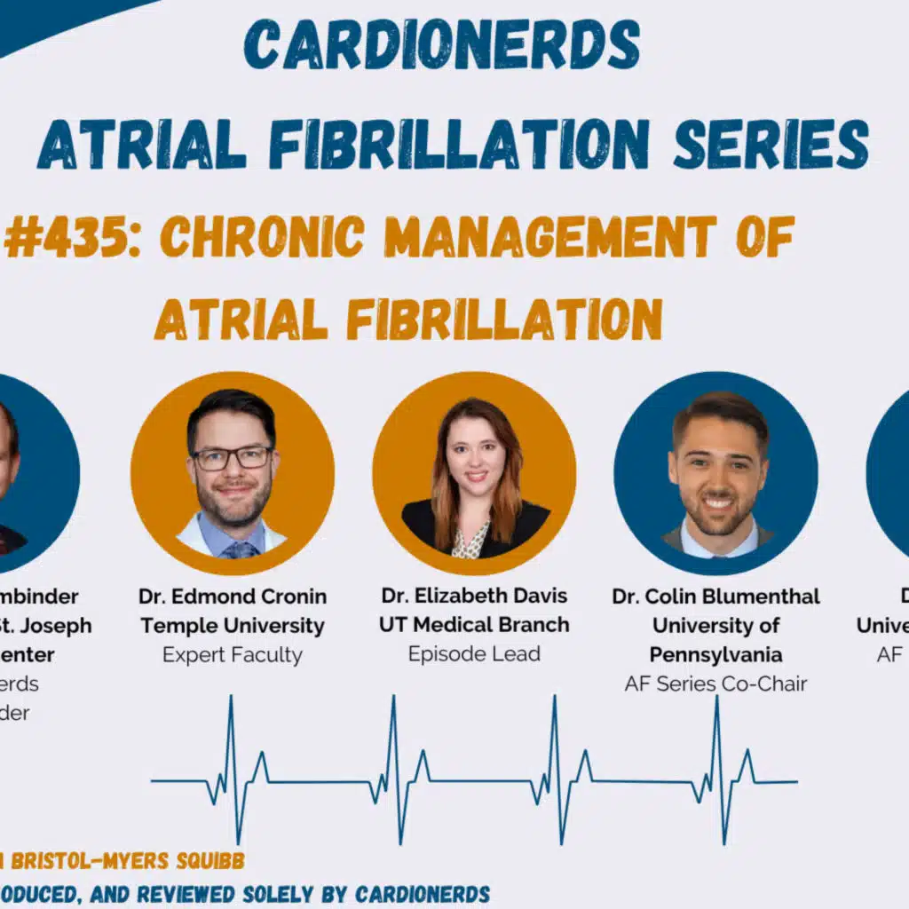 CardioNerds (Dr. Kelly Arps, Dr. Naima Maqsood, and Dr. Elizabeth Davis) discuss chronic AF management with Dr. Edmond Cronin. This episode seeks to explore the chronic management of atrial fibrillation (AF) as described by the 2023 ACC/AHA/ACCP/HRS Guideline for the Diagnosis and Management of Atrial Fibrillation: A Report of the American College of Cardiology/American Heart Association Joint Committee on Clinical Practice Guidelines. The discussion covers the different AF classifications, symptomatology, and management including medications and invasive therapies. Importantly, the episode explores current gaps in knowledge and where there is indecision regarding proper treatment course, as in those with heart failure and AF. Our expert, Dr. Cronin, helps elucidate these gaps and apply guideline knowledge to patient scenarios. Audio editing for this episode was performed by CardioNerds intern Dr. Bhavya Shah.
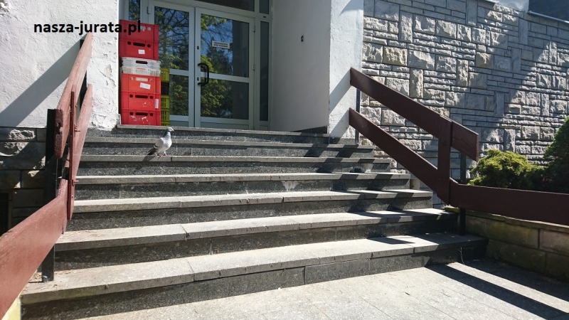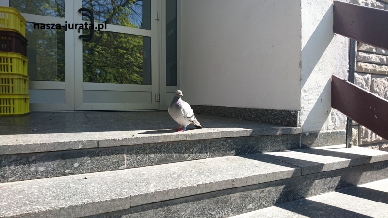 Jurata noclegi - nasza-jurata.pl - W piątek przy wejściu do kuchni Ośrodka Wypoczynkowego w Juracie wylądował zaobrączkowany gołąb. Był osłabiony i głodny, więc został nakarmiony ziarnem i miodem, żeby jak najszybciej nabrał sił do dalszych lotów.
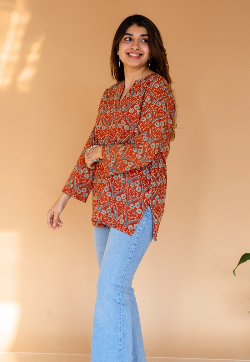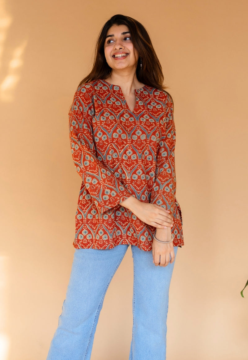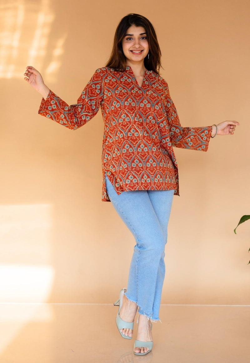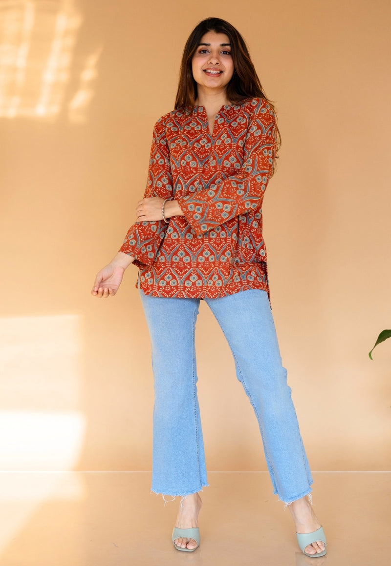 Tapsi Red Ajrakh Cotton A Line Short Top with Hand Embroidery
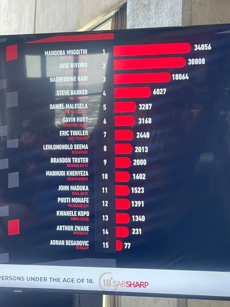 Mamelodi Sundowns coach Manqoba Mngqithi currently leads the Carling Black Label Cup coach leaderboard with 34056 votes ahead of Orlando Pirates’ Jose Riveiro in second place sitting on 30008 votes.
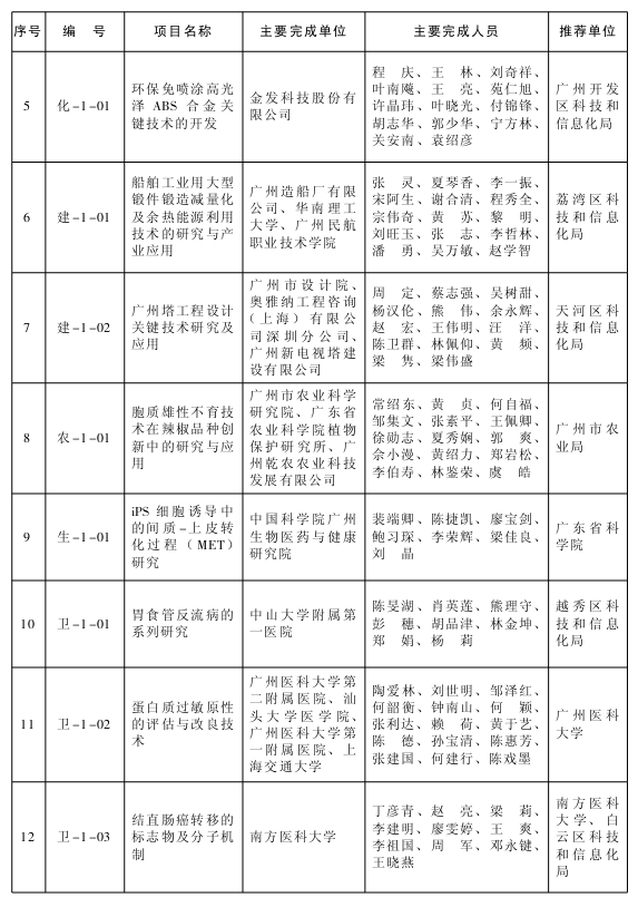 附件:1.2013年广州市科学技术奖获奖目录

------------------------------

• _Work instructions_
Every entry above needs to be retyped exactly; drop the pictures.

• _Worked solution_
 CardioNerds (Dr. Kelly Arps, Dr. Naima Maqsood, and Dr. Elizabeth Davis) discuss chronic AF management with Dr. Edmond Cronin. This episode seeks to explore the chronic management of atrial fibrillation (AF) as described by the 2023 ACC/AHA/ACCP/HRS Guideline for the Diagnosis and Management of Atrial Fibrillation: A Report of the American College of Cardiology/American Heart Association Joint Committee on Clinical Practice Guidelines. The discussion covers the different AF classifications, symptomatology, and management including medications and invasive therapies. Importantly, the episode explores current gaps in knowledge and where there is indecision regarding proper treatment course, as in those with heart failure and AF. Our expert, Dr. Cronin, helps elucidate these gaps and apply guideline knowledge to patient scenarios. Audio editing for this episode was performed by CardioNerds intern Dr. Bhavya Shah.
 Jurata noclegi - nasza-jurata.pl - W piątek przy wejściu do kuchni Ośrodka Wypoczynkowego w Juracie wylądował zaobrączkowany gołąb. Był osłabiony i głodny, więc został nakarmiony ziarnem i miodem, żeby jak najszybciej nabrał sił do dalszych lotów.
 Tapsi Red Ajrakh Cotton A Line Short Top with Hand Embroidery
 Mamelodi Sundowns coach Manqoba Mngqithi currently leads the Carling Black Label Cup coach leaderboard with 34056 votes ahead of Orlando Pirates’ Jose Riveiro in second place sitting on 30008 votes.
 附件:1.2013年广州市科学技术奖获奖目录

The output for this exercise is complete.